Tenor que grita siempre i alguna vez arranca el do de pecho, pintor que sin cuidarse de medias tintas hermana todos los colores de la paleta, danzante que empieza a moverse en curvas regulares i acaba por entradas i salidas angulosas, estatuario que pone plinto de barro a un coloso de bronce, arquitecto que remanta el Partenón con el techo de una cabaña mozambique: todo eso i mucho más es Castelar cuando habla o escribe.
Gorgoritos de la Patti acabados en responso, retorcimientos de jimnasta unidos a contorsiones d’epiléptico, sacrílegas crispaturas de puño que terminan en señales de la cruz, ascensiones al Olimpo que paran en descensos a una sacristía, ahitamiento de ambrosía regada con agua de Lourdes: todo eso i mucho más hai en el estilo de Castelar.
Cuando recorre las épocas jeolójicas desde la solidificación del Globo hasta el nacimiento del hombre, i la Historia desde la edad de piedra hasta nuestros días, sucedan dos cosas mui naturales: el público se duerme como el individuo que bebe la dosis máxima de cloral; Castelar se duerme también sobre la palabra i habla dormido, como esos viejos soldados que se duermen en la marcha i marchan durmiendo.

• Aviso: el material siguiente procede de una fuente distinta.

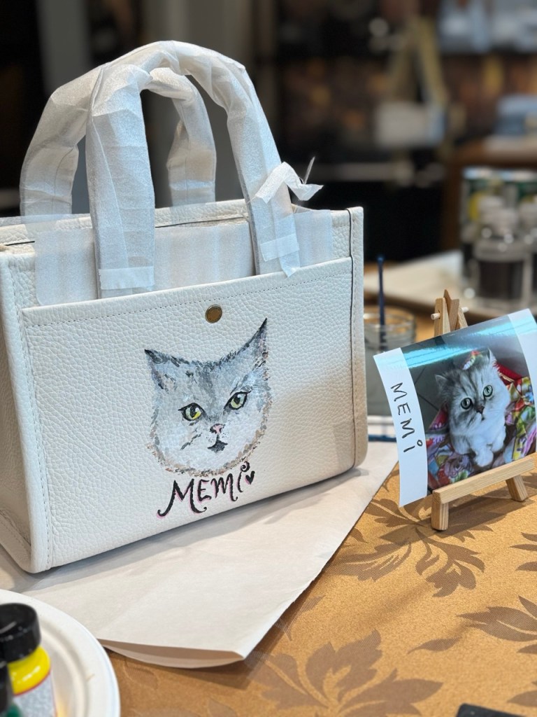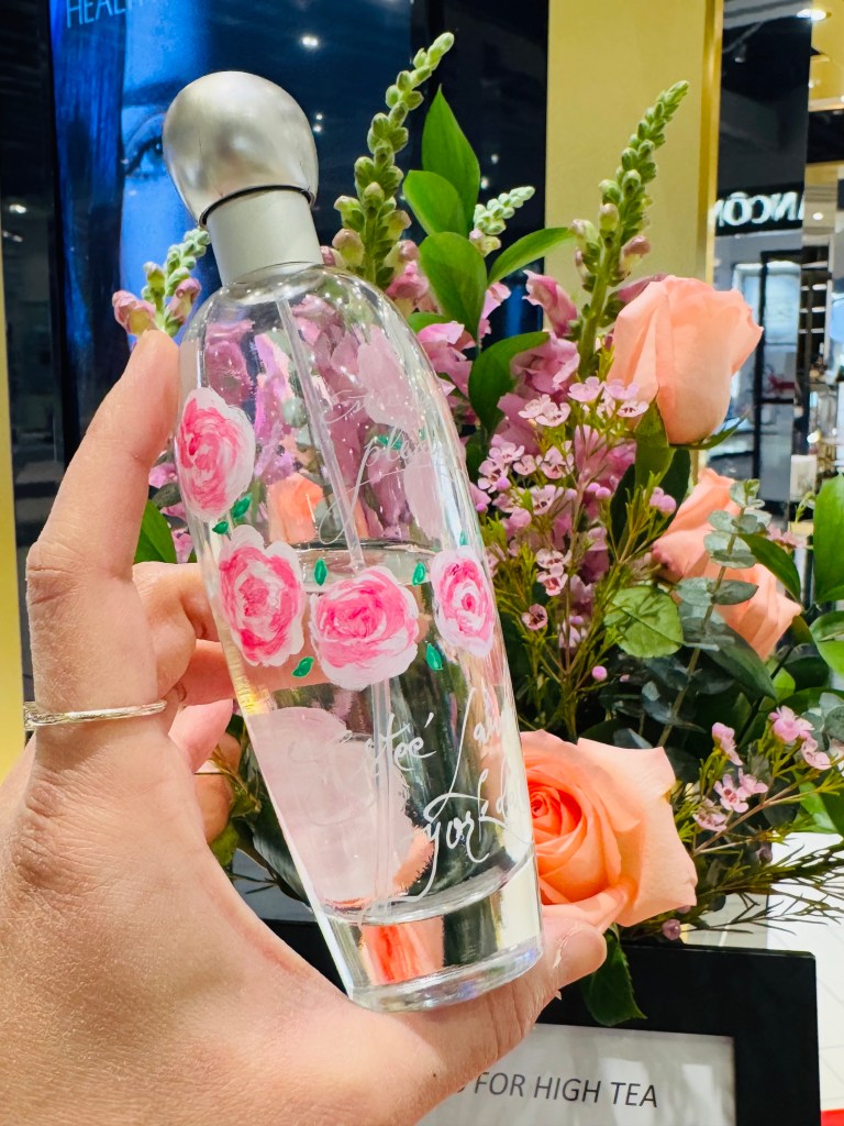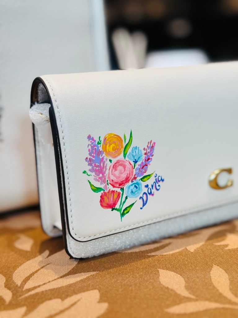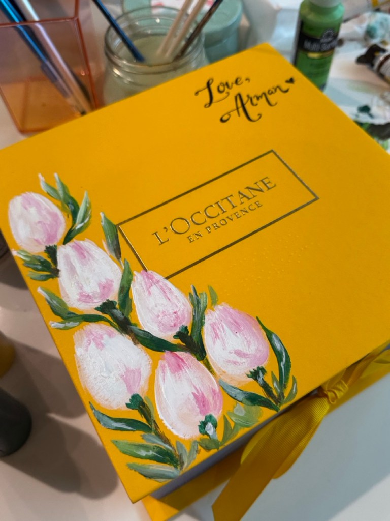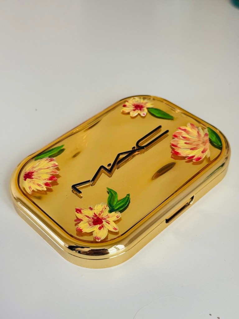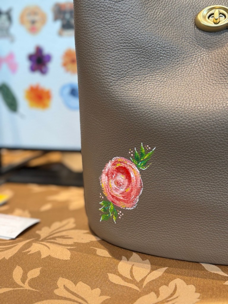 Prior to beginning the product painting process at a store or brand event, I ensure having a small table alotted to me where I can setup. My setup includes paints, paint brushes, inspirational material, my small signage, a mat to protect your furniture and lots of samples. It’s always important to observe professionalism and not create a mess.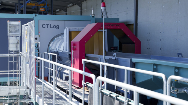 – Redan tidigare fanns det projekt där man följde ett delflöde genom hela produktionen med så kallade RFID-taggar, som står för radio-frequency identification och är en teknik för att läsa information på avstånd från transpondrar och minnen. Ett annat sätt att erhålla sammankopplad data från produktionskedjan är traditionella provsågningar, men dessa innebär ett stort manuellt arbete. Alla stockar ska märkas och sedan får man hålla koll på i vilken ordning stockarna kommer och handskriva nummer på planken i råsorteringen i justerverket. Men nu när vi har vår datortomograf, alltså CT-scanner, blir arbetet betydligt enklare på en betydligt större del av flödet och kräver inte lika mycket administration, säger Jens Flodin.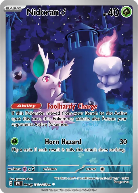 If this Pokemon moved from your Bench to the Active spot this turn, this Pokemons attacks also Poison your opponents Active Pokemon.Horn Hazard • 30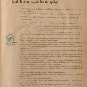 EL C. JUSTO MENDOZA GOBERNADOR DEL ESTADO DE OCAMPO, A TODOS SUS HABITANTES SABED QUE: (COMUNICADOS OFICIALES DEL GOBIERNO DEL ESTADO, PUBLICACIONES DEL DIARIO OFICIAL, NOVIEMBRE DE 1867 – OCTUBRE DE 1869)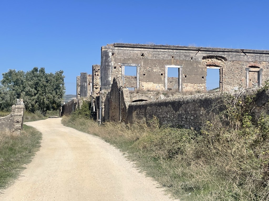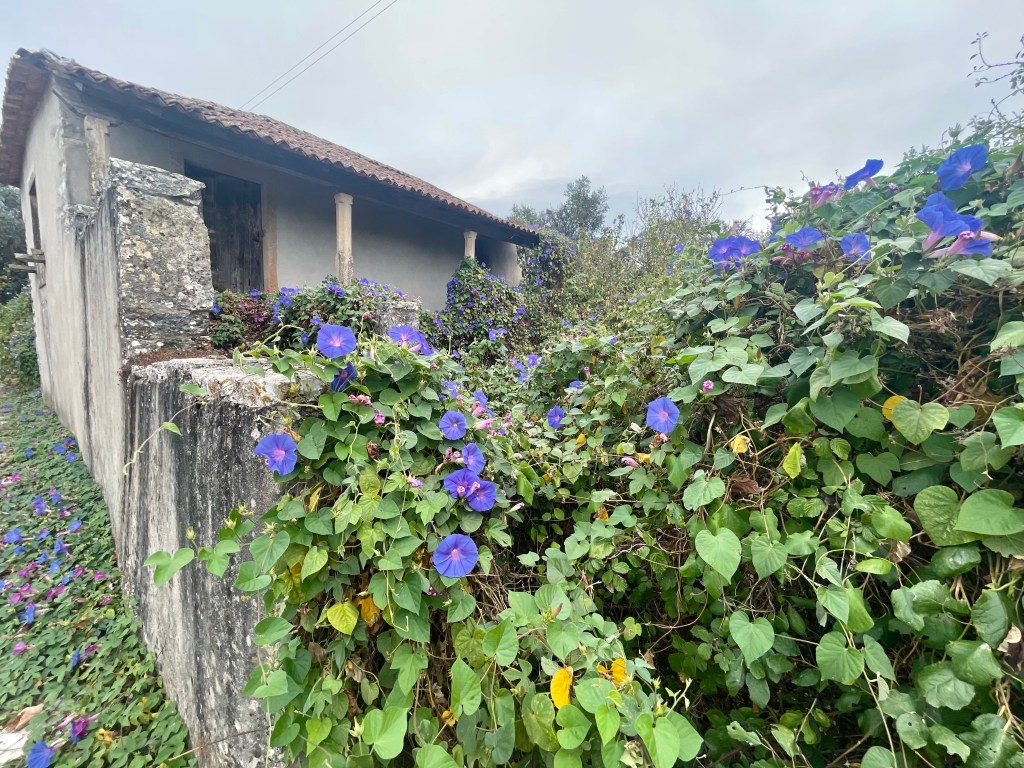 We came off the trail and walk through Soreio, which almost seems abandoned. There are homes that have been taken over by Morning Glory’s which encompass the roof, walls and ground.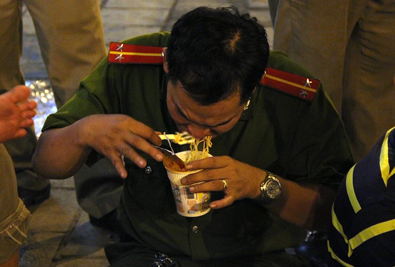 Một cảnh sát tranh thủ nuốt miếng mì để chuẩn bị túc trực, bảo vệ hiện trường và tài sản của người dân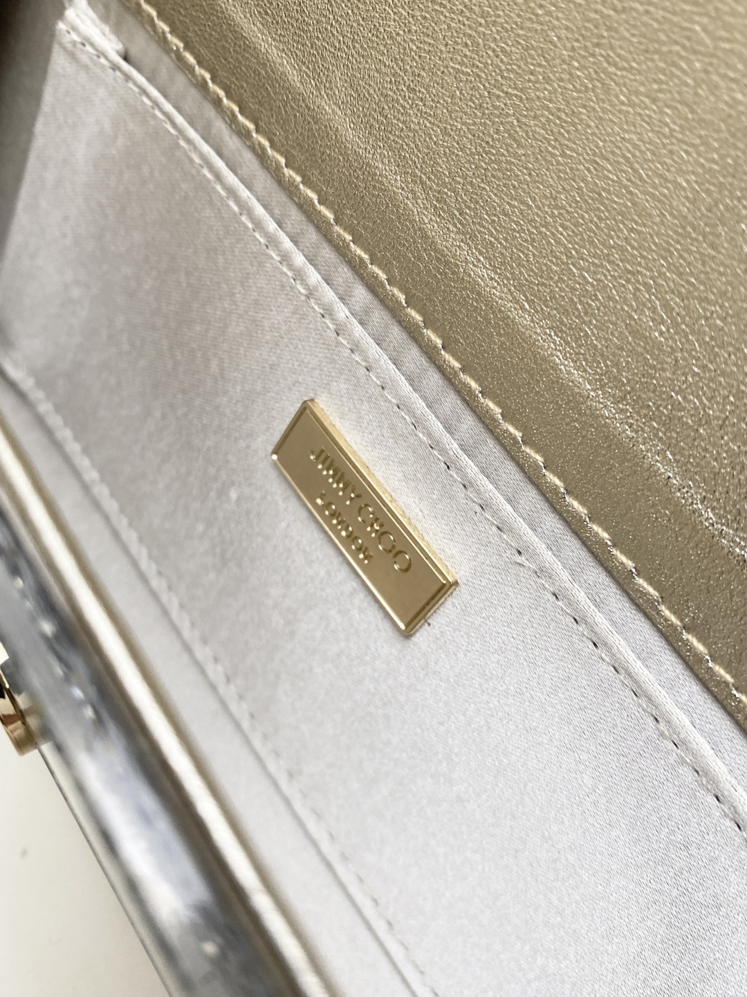 这款包包是AAAAA 1:1 质量 (非常棒). 使用了和原版一模一样的材料. 商标部分也保持了和吉米乔/JIMMY CHOO一样. 图片拍摄是实物包包拍摄, 您所收到的实物保证和我们图片一模一样.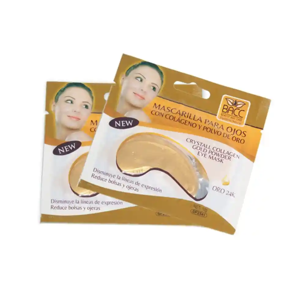 Mascarilla para ojos con colágeno y polvo de oro 24 quilates Disminuye las líneas de expresión. Contiene ácido hialurónico y múltiples nutrientes que la piel necesita para una apariencia vigorosa.Modo de uso: Es importante aprender a aplicarse las mascarillas. para que su función se cumpla lo mejor posible. 1. Se aplica sobre el rostro limpio y con las yemas de los dedos. 2. Dejar que la mascarilla actúe alrededor de 15 a 20 minutos y con una toallita húmeda se va quitando poco a poco. 3. Luego aplicar un poco de agua para retirar cualquier exceso. 4. Se recomienda usar un tónico para que los poros cierren con mayor rapidez.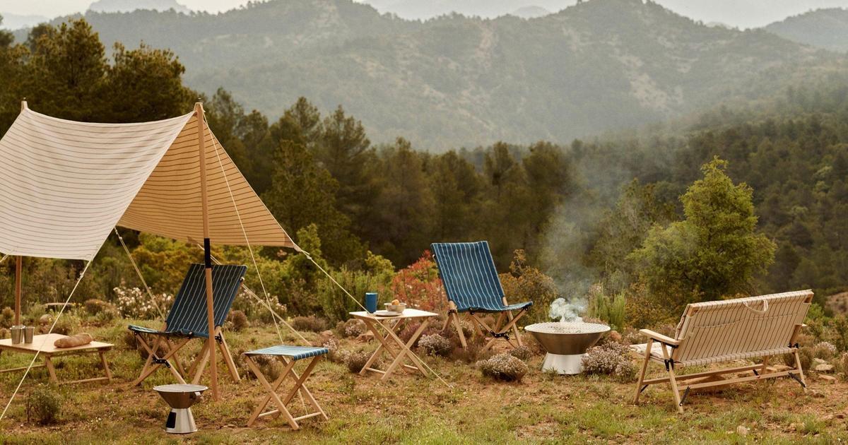 Среди предметов — складные кресла и стулья, диван, который убирается в большую сумку-тоут, тент в форме палатки, мангал, напоминающий рыбу, ящик для шести бутылок, посуда и даже набор метелок, чтобы убирать за собой после пикника.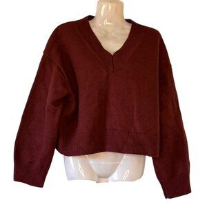 Babaton by Aritzia Wren Excellent Condition Women's 100% Wool Sweater Burgundy Color with V-Neck and Voluminous Sleeves has Dropped Shoulder Cropped and Boxy Heavy Weight Heather Cardamon Oversized and Slouchy Dark Academia Preppy Lagenlook Jewel Tone Minimalist Soft Warm Winter Country Club Oxford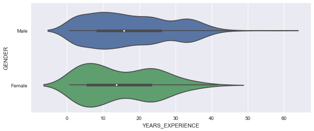In[93]: ax = sns.violinplot(x = 'YEARS_EXPERIENCE', y='GENDER', data=emp2)
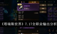 塔瑞斯世界7.17全职业输出怎么样?塔瑞斯世界7.17版本的话很多人对里面的职业的输出还是比较的好奇的,今天就给大家分析下输出职业的最高最低的伤害数值吧,这样玩的时候也心里有数了,那么大家要是好奇的话下面来看看吧!《塔瑞斯世界》7.17全职业输出分析输出职业 最高 最低战士 25090 20692火法 25546 21250冰法 24291 20356牧师 25093 20668毒贼 24480 20555决斗贼 77257 4390御兽 24623 20009狩猎 28886 20897独奏 25394 20775蛮子 36011 28111祭祀 24703 20348骑士 25285 20289最高是能代表一部分职业上限。最低基本上和玩家基数有关系。以上就是3DM小编整理带来的塔瑞斯世界7.17全职业输出分

Tal es el hombre que lleva sobre sí tres enormes pecados: haber convertido el idioma castellano en orquesta forana i churrigueresca donde predominan el tantán chinesco i la esquila del convento; haber hecho de la Historia, ya una leyenda inverosímil como las novelas de Dumas, ya una mascarada trájica como los Jirondinos de Lamartine; i haber representado el papel de colaborador inconsciente del carlismo, contribuyendo a que España sea lo que es hoy: el clericalismo conduciendo a la monarquía, el ciego cargando al paralítico.
1888
Para regresar a:
El índice de Pájinas libres.
El porvenir nos debe una victoria, Ensayos y poesía de González Prada.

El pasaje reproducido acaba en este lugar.